Protesters gather outside the Massachusetts State House in Boston for a July 28 demonstration against a bill that would require state agencies to collected detailed data on Asian-Americans and Pacific Islanders.
Hansi Lo Wang/NPR Asian-Americans are an incredibly diverse group.
To help capture that diversity, some states have recently passed laws requiring state agencies to collect more detailed demographic data about the country's fastest-growing racial group.
Those policies have been met with a backlash from within the Asian-American community.
Massachusetts state Rep. Tackey Chan, a Democrat who in January introduced a bill calling for more Asian-American data, says his office started receiving a series of phone calls and emails raising concerns about the bill last month.
"To be honest with you, I was rather surprised by that," says Chan, a Democrat whose district includes Quincy, Mass., home to the second-largest Asian-American population in the state after Boston.
Chan says there's little to no information at the state or local level about Asian-Americans. If passed, his bill would require state agencies in Massachusetts to identify Asian-American and Pacific Islander respondents in surveys about, for example, health, schools and employment. And that data would have to be broken down by the state's five largest Asian-American and Pacific Islander ethnic groups, such as Chinese, Indian and Vietnamese.
"We are a data-driven society," he says. "It's hard to make public policy without data. And if you don't have data, you can't advocate."
States including California, Minnesota and Rhode Island have passed similar laws. Lawmakers say more data can help pinpoint unmet needs that can be hard to see.
'Obviously discrimination against Asian-Americans'
On a recent Friday afternoon, about 60 protesters waved picket signs and American flags on the steps of the Massachusetts State House in Boston. Almost all of the demonstrators were immigrants from China. Many of them connected through the social media app WeChat.
Linglan Zhang (right) of Lexington, Mass., holds a picket sign next to her son, Sean (left), and boyfriend, David Kates (right).
Hansi Lo Wang/NPR "Stop the racist bill!" they chanted, referring to Chan's bill. Some held signs saying, "Aggregation, not segregation," and called for Asian-Americans to be counted only as one group rather than separated by ethnicity.
"The fear is, you know, how you can guarantee the demographic data collected will not be abused or will not be misused for other purposes," said Andy Liu, a computer engineer from Sharon, Mass., who helped organize the protest.
Liu and other protesters questioned why the Massachusetts bill singles out Asian-Americans and not other racial groups for additional data.
"This is obviously discrimination against Asian-Americans," Linglan Zhang of Lexington, Mass., said in Mandarin.

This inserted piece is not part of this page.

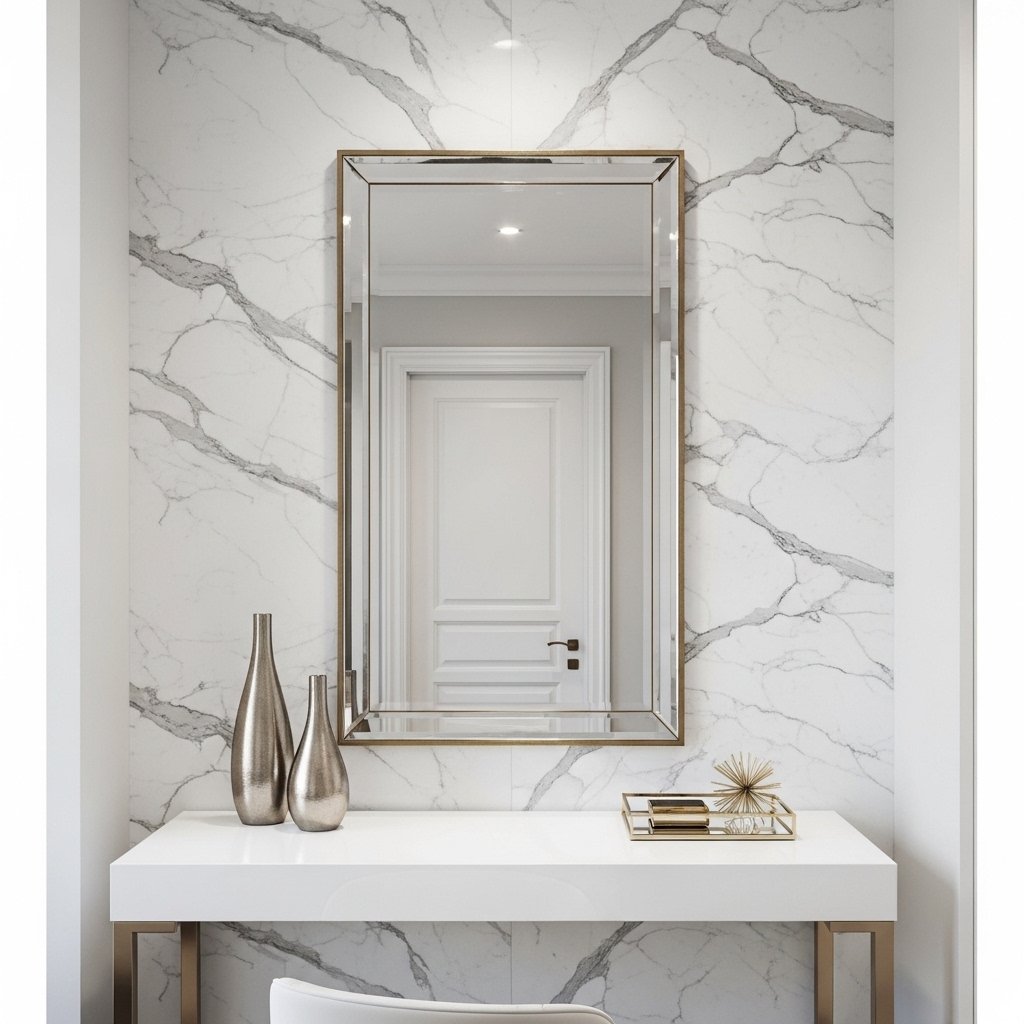 Marble wallpaper gives a luxurious and elegant appearance without expensive renovation. White marble with grey veins creates a modern and clean environment. It looks stunning behind desks, beds, or vanity areas. This wallpaper pairs well with metallic decor and mirrors. The result feels premium while staying affordable.

Protesters in other states have also raised that concern, according to Karthick Ramakrishnan, a political scientist at the University of California, Riverside, and a longtime advocate for more Asian-American data.
Ramakrishnan has been following the organized protests and other activism against the data collection laws. He says this debate shows the divide between a new generation of Chinese immigrants and more established Asian-American groups who've been calling for more data for years.
"These mainstream Asian-American organizations are nearly completely absent from the spaces where a large and growing number of Chinese immigrants are active," he says.
Concerns about affirmative action
There is no clear timeline for the Massachusetts bill, but another protest against it is set to take place in Boston later this month.
Affirmative action, Ramakrishnan says, is a main issue driving this fight over data collection. He says many of the immigrants from mainland China who are protesting are worried about their children's schooling.
"The belief is that by killing any kind of data collection on race, these Chinese-Americans might have a fair shot getting into Ivy League schools. That's the theory," he says.
Wen Zhao, who traveled with her seven-year-old son from Westford, Mass., to attend the Boston protest, said she doesn't support the use of racial data in the selection process for schools or jobs.
"They use those data in education, in college admissions and even in [the] workforce. That's not fair," said Zhao, who added she fears separating Asian-American data by ethnic groups would further divide Asian-Americans.
Counting the 'invisible' Asian-Americans
On Monday, two dozen member organizations and supporters of the Asian Pacific Islanders Civic Action Network released a statement in support of the Massachusetts bill. The groups included the Chinese Progressive Association and the Boston Chinatown Neighborhood Center, the Boston area's largest social service provider for Asian families.
Anh Vu Sawyer is the executive director of the Southeast Asian Coalition in Worcester, Mass. She says more detailed data on Asian-Americans could help secure more funding for services to immigrants from Vietnam, Burma and other Southeast Asian countries.
Hansi Lo Wang/NPR "Disaggregation is not segregation," the organizations wrote. "In fact, we should be united in uplifting our community members who have been continuously calling for data disaggregation so they will not be left invisible."
Anh Vu Sawyer, executive director of the Southeast Asian Coalition in Worcester, Mass., adds more detailed data about Asian-Americans could bring in more funding for services for immigrants from grant makers.
"I have to have data to let them know there's a need right here. I cannot just say I observe that I have people coming in with suicide tendency or I have people with a family of five and [who] have less than $15,000 a year," Sawyer says.
As a former refugee who escaped the Vietnam War, Sawyer says she understands the privacy concerns in a political climate that doesn't seem to welcome immigrants. She's also worried that disaggregated data about Asian-Americans could lead to more splits within the community because of the inevitable comparisons about socioeconomic status between ethnic groups.
"This is not an easy bill," she says. "But I really believe with all my heart the reason we're doing this is so that everyone will get the help they need to be the best they can be."